Invoice factoring company Interstate Capital is focusing on speed with its latest enhancements.

The firm said this week it is offering an expedited factoring process to accelerate the time it takes for businesses to access capital when they’re waiting for their invoices to be paid. The solution provides financing within 48 hours, Interstate said.

The service provides an online application portal. After approval, companies can see their invoices financed within 24 hours of submission, with funds landing directly in a company’s bank account. Interstate said invoice financing can be critical to healthy cash flow management, and to ensuring that small businesses don’t fall behind on their own payments when waiting for invoices to be settled.

While Interstate Capital highlighted SMBs’ need for such a solution, the company also noted that companies of all sizes may benefit from a factoring tool.

Factoring has become a mainstay for verticals like the manufacturing and freight industries, and, amid economic recovery following the recession, in the apparel industry as well. But competition in the industry is growing.

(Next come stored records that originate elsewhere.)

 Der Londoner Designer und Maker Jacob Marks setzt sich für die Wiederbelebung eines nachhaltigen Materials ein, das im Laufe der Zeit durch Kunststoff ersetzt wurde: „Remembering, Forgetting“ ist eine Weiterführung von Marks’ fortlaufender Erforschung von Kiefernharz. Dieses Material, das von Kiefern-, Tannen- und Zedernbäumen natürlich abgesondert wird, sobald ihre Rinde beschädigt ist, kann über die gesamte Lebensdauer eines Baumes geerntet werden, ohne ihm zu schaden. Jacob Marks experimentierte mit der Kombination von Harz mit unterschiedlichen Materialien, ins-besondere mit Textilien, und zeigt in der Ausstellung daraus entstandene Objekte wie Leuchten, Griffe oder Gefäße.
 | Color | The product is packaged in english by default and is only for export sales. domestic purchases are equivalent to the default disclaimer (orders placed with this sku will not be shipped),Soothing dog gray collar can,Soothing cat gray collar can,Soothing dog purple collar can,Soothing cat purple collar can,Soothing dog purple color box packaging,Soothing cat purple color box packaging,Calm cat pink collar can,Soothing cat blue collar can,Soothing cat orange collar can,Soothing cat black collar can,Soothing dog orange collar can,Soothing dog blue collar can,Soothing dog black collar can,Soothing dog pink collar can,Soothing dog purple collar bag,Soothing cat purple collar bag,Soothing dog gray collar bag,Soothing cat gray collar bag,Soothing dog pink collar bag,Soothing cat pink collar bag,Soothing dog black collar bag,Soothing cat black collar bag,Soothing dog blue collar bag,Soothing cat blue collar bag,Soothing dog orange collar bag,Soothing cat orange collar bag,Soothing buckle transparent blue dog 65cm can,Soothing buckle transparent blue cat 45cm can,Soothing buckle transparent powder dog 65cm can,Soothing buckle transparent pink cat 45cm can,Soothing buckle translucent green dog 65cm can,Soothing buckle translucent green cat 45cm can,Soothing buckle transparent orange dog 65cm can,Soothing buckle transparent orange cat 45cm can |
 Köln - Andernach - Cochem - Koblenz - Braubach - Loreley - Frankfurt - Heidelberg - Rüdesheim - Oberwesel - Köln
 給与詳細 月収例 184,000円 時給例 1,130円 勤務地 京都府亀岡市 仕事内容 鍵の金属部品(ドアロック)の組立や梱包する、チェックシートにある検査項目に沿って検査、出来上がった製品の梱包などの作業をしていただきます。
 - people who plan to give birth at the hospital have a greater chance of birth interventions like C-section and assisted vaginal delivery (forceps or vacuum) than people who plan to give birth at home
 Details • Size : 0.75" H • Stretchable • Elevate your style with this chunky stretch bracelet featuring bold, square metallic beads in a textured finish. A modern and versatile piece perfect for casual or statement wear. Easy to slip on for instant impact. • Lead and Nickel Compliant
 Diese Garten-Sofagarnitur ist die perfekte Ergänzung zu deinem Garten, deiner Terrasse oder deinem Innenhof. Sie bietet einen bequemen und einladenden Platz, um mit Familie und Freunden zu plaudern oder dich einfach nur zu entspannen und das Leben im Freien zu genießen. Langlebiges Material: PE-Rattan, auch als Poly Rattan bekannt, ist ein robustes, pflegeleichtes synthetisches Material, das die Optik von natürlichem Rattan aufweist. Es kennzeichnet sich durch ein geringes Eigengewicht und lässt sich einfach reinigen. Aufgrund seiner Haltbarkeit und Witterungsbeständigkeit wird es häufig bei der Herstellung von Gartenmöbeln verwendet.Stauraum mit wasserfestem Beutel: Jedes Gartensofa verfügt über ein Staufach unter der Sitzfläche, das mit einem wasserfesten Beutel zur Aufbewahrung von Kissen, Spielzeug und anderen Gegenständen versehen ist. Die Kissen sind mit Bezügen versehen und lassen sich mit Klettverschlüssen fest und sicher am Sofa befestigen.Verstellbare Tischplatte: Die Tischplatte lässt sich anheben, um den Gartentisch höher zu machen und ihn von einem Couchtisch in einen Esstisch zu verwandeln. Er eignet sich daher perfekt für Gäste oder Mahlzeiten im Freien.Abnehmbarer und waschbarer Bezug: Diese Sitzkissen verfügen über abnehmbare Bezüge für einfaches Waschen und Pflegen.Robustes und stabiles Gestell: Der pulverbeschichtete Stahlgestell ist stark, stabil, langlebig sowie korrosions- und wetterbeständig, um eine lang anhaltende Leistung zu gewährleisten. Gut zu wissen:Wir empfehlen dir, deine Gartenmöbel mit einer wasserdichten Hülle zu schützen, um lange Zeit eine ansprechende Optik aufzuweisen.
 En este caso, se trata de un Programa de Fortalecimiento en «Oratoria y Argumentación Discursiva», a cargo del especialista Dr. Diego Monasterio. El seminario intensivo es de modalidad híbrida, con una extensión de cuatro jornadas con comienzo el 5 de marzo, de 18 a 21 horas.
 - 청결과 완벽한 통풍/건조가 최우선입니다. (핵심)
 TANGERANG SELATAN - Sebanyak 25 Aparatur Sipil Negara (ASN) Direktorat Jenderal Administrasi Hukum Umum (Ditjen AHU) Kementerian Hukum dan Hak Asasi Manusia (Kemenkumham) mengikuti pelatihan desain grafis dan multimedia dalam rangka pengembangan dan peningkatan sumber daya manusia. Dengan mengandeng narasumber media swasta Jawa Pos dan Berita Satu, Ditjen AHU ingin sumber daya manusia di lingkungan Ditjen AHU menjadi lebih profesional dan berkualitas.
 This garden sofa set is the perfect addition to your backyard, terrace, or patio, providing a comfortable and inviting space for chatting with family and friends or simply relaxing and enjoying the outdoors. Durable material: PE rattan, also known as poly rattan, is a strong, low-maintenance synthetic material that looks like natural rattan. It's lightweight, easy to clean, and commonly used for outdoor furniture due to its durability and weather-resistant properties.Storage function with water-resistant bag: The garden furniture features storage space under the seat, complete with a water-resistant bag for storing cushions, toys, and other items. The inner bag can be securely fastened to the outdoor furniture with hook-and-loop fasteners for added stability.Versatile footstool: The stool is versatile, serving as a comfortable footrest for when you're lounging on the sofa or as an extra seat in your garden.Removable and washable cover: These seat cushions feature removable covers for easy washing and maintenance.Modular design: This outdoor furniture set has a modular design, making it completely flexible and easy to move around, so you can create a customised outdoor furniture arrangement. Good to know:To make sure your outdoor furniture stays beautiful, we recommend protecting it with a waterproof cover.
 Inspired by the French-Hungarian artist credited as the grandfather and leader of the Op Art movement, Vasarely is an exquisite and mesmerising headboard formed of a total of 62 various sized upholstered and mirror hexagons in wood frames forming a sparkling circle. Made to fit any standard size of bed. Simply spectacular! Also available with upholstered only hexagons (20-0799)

“Factoring is a tough product and hard to manage entirely online,” reflected BlueVine founder and CEO Eyal Lifshitz in an interview with Karen Webster last month.

Factoring also struggles with its reputation: According to Lifshitz, the financing product is misunderstood, and can be applied to more scenarios than simply financing unpaid invoices.

Amid the industry competition, Trade Finance Solution (TFS), another SMB factoring firm, recently acquired industry peer Paragon Financial Group. The deal, announced in January, consolidated the U.S. factoring market and occurred about a year after TFS acquired another industry player, Gerber Finance.

Factoring and other forms of alternative small business financing continue to develop in the U.S. as large corporates extend invoice payment terms. A report published by The Hackett Group last week found that the nation’s top 1,000 enterprises have improved their working capital performance, but are doing so by delaying supplier invoice payments.